A Canadian stock car lifer who built his own team from the ground up and twice conquered the national series.
D.J. Kennington’s life has been measured in laps and family legacy. Growing up around his father Doug’s CASCAR operation in St. Thomas, Ontario, Kennington didn’t just inherit a love for racing; he inherited a workshop and a fiercely independent spirit. He turned professional in his teens, choosing the grueling path of the owner-driver, building DJK Racing into a formidable entity in Canadian stock car circles. His career is a testament to consistency and homegrown talent, peaking with back-to-back NASCAR Canada Series championships in 2010 and 2012. While he has made select, respected forays into NASCAR’s top-tier Cup and Xfinity Series, often as a underdog filling a seat, his heart and his legacy remain firmly rooted north of the border, where he continues to compete full-time, a veteran presence mentoring the next generation of Canadian racers.
1965–1980
The latchkey kids. Raised during divorce, recession, and the end of the Cold War. Skeptical, self-reliant, media-literate. They invented indie culture, grunge, and the early internet — then watched the Boomers take credit.

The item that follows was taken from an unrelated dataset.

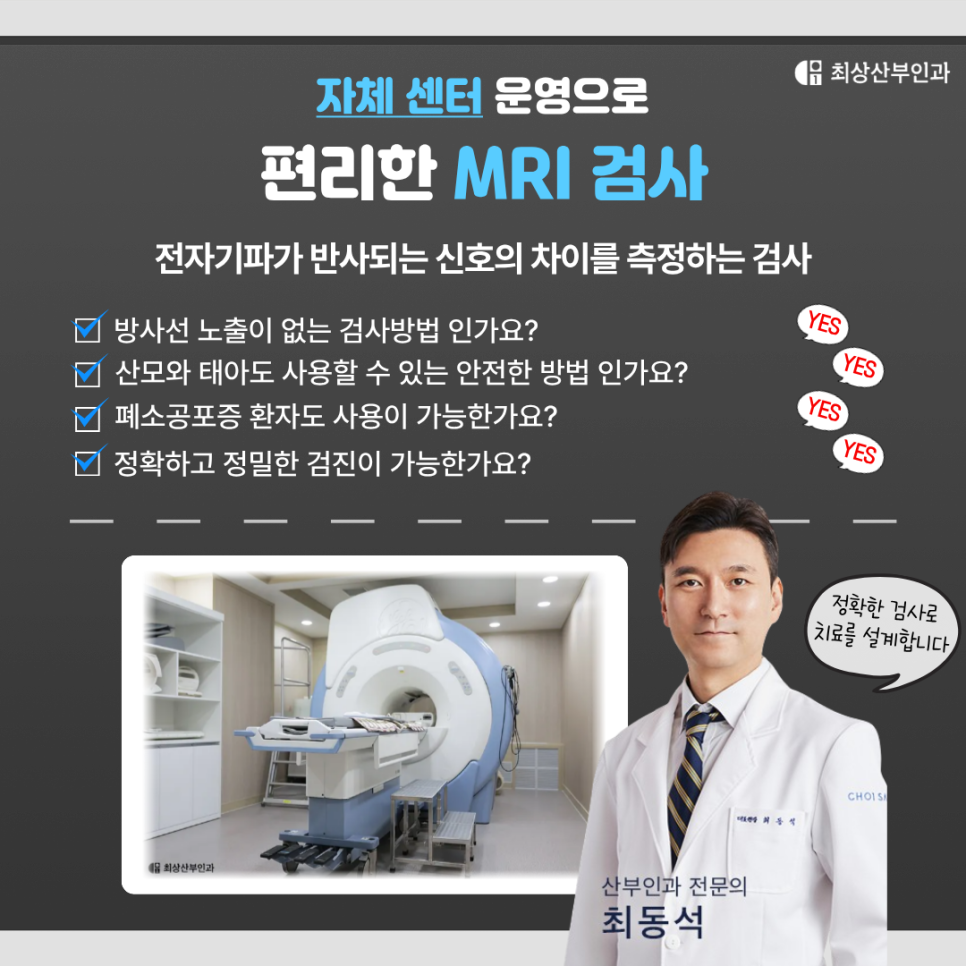 최상산부인과에서는 자궁근종의 정확한 진단을 위해 질식초음파, 자궁내시경, MRI 검사 등 다양한 검진 방법을 활용합니다. 근종의 크기·위치·성질을 정밀하게 파악해, 환자의 연령, 출산 계획, 증상 정도를 종합적으로 고려한 맞춤 치료 계획을 수립하기 위함이죠.

D. was born in 1977, placing them squarely in the Generation X. The events that shaped this generation — economic uncertainty, the end of the Cold War, and the rise of personal computing — shaped the world they entered and the choices available to them.
The biggest hits of 1977
#1 Movie
Star Wars
Best Picture
Annie Hall
#1 TV Show
Happy Days
The world at every milestone
Star Wars premieres; Elvis dies
Michael Jackson releases Thriller
Hubble Space Telescope launched; Germany reunifies
European Union officially established
Oklahoma City bombing; Windows 95 released
Google founded; Clinton impeachment
iPhone released; Great Recession begins
#MeToo movement; solar eclipse crosses the US
His father, Doug Kennington, was a CASCAR driver and founded the St. Thomas Raceway Park in Ontario.
He has driven the car number 17 for the majority of his career in the NASCAR Canada Series.
He made his NASCAR Cup Series debut at the 2017 Daytona 500, finishing 26th.
He is one of the few drivers to have won multiple championships in what is now the NASCAR Canada Series.
“This isn't a hobby. It's the family business, and I'm the mechanic.”